Il mental accounting riguarda la tendenza degli individui a ragionare secondo uno schema psicologico dividendo i loro fondi in diversi compartimenti (“conti mentali”), sulla base di differenti criteri soggettivi come la provenienza di tali fondi e lo scopo che perseguono, creando differenti budget per le spese e suddividendo in categorie la ricchezza e il reddito.

È possibile indicare tre classi di conti mentali: i conti di consumo riferito alle spese; i conti di reddito in cui sono riportati i ricavi e le entrate; i conti di ricchezza cui sono ricondotte le diverse forme di ricchezza detenute.

Nel conto consumo vengono catalogate tutte le varie spese quotidiane. Si riferisce dunque al modo in cui una persona contabilizza i costi sostenuti in modo da non generare una situazione di rammarico. Ad esempio un fumatore preferirà tener conto del costo giornaliero di un pacchetto di sigarette che riterrà trascurabile se paragonato alla spesa annuale che comporta.

Il conto reddito si presta ad essere contabilizzato in base alle fonti, attribuendo rilevanza a come quella stessa somma di denaro sia stata percepita, se in modo occasionale (vincita al lotto) o meno (aumento di stipendio). L’evidenza sperimentale mostra che il modo con cui il denaro viene percepito, influisce sulla propensione a spenderlo e sulla tipologia di acquisti da effettuare; mentre una somma di denaro derivante da una vincita al lotto si presterebbe ad essere spesa in maniera leggera, poco ragionata e in tempi brevi, lo stesso non può essere detto per una stessa somma ad esempio ottenuta da un aumento dei fondi pensione che presenta una bassa (se non nulla) propensione al consumo.

Riguardo la ricchezza, le attività vengono valutate a seconda della natura in attività correnti, investimenti finanziari, investimenti mobiliari e incassi futuri. Le prime fanno riferimento alla moneta nonché a tutte le attività ad essa assimilate, mentre gli incassi futuri vengono valutati in base al valore attuale stimato. Le categorie di conti sono caratterizzate da un’accentuata rigidità e presentano propensioni al consumo diverse, decrescenti a partire dalle attività

41 correnti fino ad essere tendenzialmente nulli per gli investimenti immobiliari e gli incassi futuri.

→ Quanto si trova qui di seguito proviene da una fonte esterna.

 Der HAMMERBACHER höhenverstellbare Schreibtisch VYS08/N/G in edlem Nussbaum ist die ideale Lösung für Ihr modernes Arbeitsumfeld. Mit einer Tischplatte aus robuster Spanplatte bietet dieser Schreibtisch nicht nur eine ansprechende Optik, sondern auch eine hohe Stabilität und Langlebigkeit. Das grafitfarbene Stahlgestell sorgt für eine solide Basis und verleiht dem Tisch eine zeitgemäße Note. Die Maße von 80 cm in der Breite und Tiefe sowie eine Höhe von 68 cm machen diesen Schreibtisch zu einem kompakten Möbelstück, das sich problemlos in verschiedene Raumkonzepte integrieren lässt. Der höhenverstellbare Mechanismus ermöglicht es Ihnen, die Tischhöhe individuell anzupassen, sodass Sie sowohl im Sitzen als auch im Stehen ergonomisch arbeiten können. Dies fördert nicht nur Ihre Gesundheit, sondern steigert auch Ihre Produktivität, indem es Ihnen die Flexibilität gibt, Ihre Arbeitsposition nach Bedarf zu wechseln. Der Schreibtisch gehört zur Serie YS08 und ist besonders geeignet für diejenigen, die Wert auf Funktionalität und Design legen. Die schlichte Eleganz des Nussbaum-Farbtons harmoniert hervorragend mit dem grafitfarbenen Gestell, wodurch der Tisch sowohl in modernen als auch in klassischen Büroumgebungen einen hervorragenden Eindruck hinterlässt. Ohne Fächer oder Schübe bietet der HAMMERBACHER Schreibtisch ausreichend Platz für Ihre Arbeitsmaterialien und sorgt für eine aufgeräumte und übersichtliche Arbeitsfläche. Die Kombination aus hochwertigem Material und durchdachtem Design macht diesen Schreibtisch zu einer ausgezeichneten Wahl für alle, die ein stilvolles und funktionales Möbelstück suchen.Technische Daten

Questa suddivisione del denaro in base alla provenienza e all’impiego, contraddice il concetto di fungibilità come invece assunto dalla finanza tradizionale.

L’apertura, la gestione e la chiusura dei conti mentali non seguono il principio della razionalità, ma sono spesso influenzati dagli esiti di scelte effettuate in passato che potrebbero determinare un elevata probabilità di incorrere in errori. Per esempio, in caso di precedenti perdite in un certo conto mentale, si è propensi ad assumere maggiori rischi pur di ritornare in pareggio.

La teoria della contabilità mentale fornisce una chiave di lettura dell’approccio piramidale, con la quale gli individui sembrano costruire il proprio portafoglio, la quale verrà analizzata esaustivamente nel capitolo successivo.